**Task inputs:**
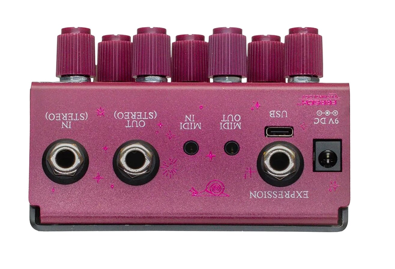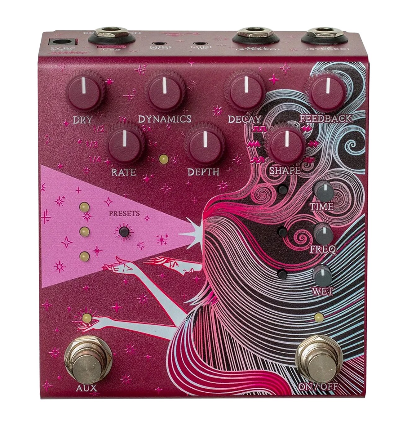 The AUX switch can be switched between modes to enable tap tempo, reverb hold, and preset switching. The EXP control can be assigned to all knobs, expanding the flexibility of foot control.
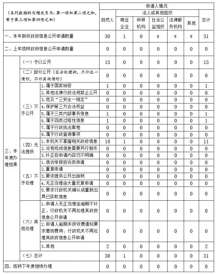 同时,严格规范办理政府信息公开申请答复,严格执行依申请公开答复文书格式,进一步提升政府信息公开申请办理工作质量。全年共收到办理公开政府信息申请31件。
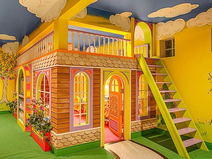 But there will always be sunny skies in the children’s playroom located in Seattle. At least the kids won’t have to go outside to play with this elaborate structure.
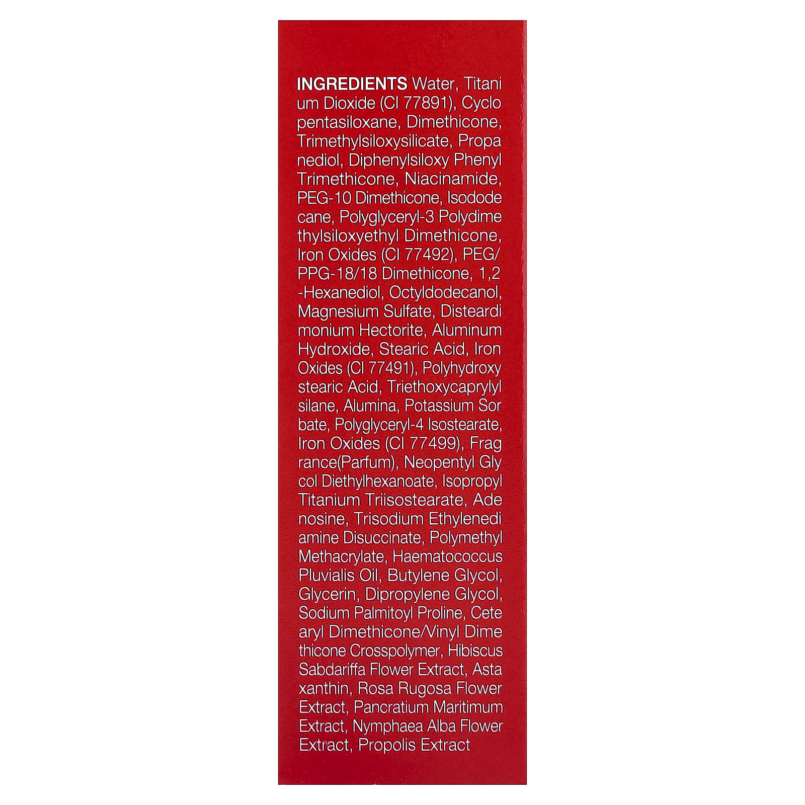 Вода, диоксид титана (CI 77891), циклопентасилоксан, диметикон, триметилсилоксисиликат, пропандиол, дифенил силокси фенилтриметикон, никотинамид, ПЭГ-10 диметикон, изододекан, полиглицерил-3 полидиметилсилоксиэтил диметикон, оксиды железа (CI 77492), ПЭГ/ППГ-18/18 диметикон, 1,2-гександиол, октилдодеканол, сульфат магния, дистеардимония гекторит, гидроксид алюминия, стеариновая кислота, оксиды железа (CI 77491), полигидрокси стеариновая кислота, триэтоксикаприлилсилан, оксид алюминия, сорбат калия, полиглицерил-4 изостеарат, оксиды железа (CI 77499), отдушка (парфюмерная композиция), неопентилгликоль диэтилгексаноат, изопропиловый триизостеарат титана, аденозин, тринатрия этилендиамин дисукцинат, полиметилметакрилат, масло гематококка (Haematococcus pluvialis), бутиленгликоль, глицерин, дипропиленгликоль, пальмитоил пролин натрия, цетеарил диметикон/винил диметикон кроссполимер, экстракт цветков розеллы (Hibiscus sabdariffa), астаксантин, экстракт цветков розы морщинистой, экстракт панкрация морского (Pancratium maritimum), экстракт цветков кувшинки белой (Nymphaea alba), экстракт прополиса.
* * *
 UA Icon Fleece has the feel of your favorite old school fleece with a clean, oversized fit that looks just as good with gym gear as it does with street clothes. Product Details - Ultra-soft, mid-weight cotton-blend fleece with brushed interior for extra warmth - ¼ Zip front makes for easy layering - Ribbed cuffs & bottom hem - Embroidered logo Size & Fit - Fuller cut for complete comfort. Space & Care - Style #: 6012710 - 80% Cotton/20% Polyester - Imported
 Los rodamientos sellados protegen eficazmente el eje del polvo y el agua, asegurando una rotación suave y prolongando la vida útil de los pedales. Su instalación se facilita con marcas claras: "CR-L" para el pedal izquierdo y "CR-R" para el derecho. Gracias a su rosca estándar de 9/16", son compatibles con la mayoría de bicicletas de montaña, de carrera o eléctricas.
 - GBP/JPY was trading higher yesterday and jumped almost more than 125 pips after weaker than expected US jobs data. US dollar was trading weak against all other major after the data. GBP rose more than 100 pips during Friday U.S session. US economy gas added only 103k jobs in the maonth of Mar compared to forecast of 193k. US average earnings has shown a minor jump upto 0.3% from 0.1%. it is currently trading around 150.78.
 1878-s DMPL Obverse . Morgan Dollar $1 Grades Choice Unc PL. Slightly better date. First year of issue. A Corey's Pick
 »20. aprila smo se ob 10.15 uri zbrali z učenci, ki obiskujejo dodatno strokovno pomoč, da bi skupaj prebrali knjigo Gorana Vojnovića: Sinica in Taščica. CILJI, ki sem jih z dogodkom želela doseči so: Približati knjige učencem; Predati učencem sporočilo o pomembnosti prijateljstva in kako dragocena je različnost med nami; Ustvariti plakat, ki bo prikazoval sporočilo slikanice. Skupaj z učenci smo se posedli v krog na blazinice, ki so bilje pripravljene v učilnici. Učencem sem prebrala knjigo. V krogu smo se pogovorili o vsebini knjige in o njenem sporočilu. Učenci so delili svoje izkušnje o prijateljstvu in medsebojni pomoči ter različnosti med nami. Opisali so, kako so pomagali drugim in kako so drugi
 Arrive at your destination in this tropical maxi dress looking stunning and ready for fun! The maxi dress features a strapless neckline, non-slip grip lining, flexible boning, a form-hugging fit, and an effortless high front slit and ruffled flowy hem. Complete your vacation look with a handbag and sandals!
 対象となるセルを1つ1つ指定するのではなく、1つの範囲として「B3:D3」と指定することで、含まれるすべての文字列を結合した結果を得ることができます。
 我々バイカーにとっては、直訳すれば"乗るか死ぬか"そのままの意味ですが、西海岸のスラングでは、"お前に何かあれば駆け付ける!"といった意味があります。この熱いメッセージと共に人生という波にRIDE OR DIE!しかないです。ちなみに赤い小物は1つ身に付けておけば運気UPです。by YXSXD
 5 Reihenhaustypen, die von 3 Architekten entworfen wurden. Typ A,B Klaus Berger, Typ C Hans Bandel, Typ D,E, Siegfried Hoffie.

**Prompt:** The required answer is the run of lines above, starting at the line with "kako so drugi" and ending at the line with "5 Reihenhaustypen, die", reproduced exactly with both ends.

**Response to the task:**
 »20. aprila smo se ob 10.15 uri zbrali z učenci, ki obiskujejo dodatno strokovno pomoč, da bi skupaj prebrali knjigo Gorana Vojnovića: Sinica in Taščica. CILJI, ki sem jih z dogodkom želela doseči so: Približati knjige učencem; Predati učencem sporočilo o pomembnosti prijateljstva in kako dragocena je različnost med nami; Ustvariti plakat, ki bo prikazoval sporočilo slikanice. Skupaj z učenci smo se posedli v krog na blazinice, ki so bilje pripravljene v učilnici. Učencem sem prebrala knjigo. V krogu smo se pogovorili o vsebini knjige in o njenem sporočilu. Učenci so delili svoje izkušnje o prijateljstvu in medsebojni pomoči ter različnosti med nami. Opisali so, kako so pomagali drugim in kako so drugi
 Arrive at your destination in this tropical maxi dress looking stunning and ready for fun! The maxi dress features a strapless neckline, non-slip grip lining, flexible boning, a form-hugging fit, and an effortless high front slit and ruffled flowy hem. Complete your vacation look with a handbag and sandals!
 対象となるセルを1つ1つ指定するのではなく、1つの範囲として「B3:D3」と指定することで、含まれるすべての文字列を結合した結果を得ることができます。
 我々バイカーにとっては、直訳すれば"乗るか死ぬか"そのままの意味ですが、西海岸のスラングでは、"お前に何かあれば駆け付ける!"といった意味があります。この熱いメッセージと共に人生という波にRIDE OR DIE!しかないです。ちなみに赤い小物は1つ身に付けておけば運気UPです。by YXSXD
 5 Reihenhaustypen, die von 3 Architekten entworfen wurden. Typ A,B Klaus Berger, Typ C Hans Bandel, Typ D,E, Siegfried Hoffie.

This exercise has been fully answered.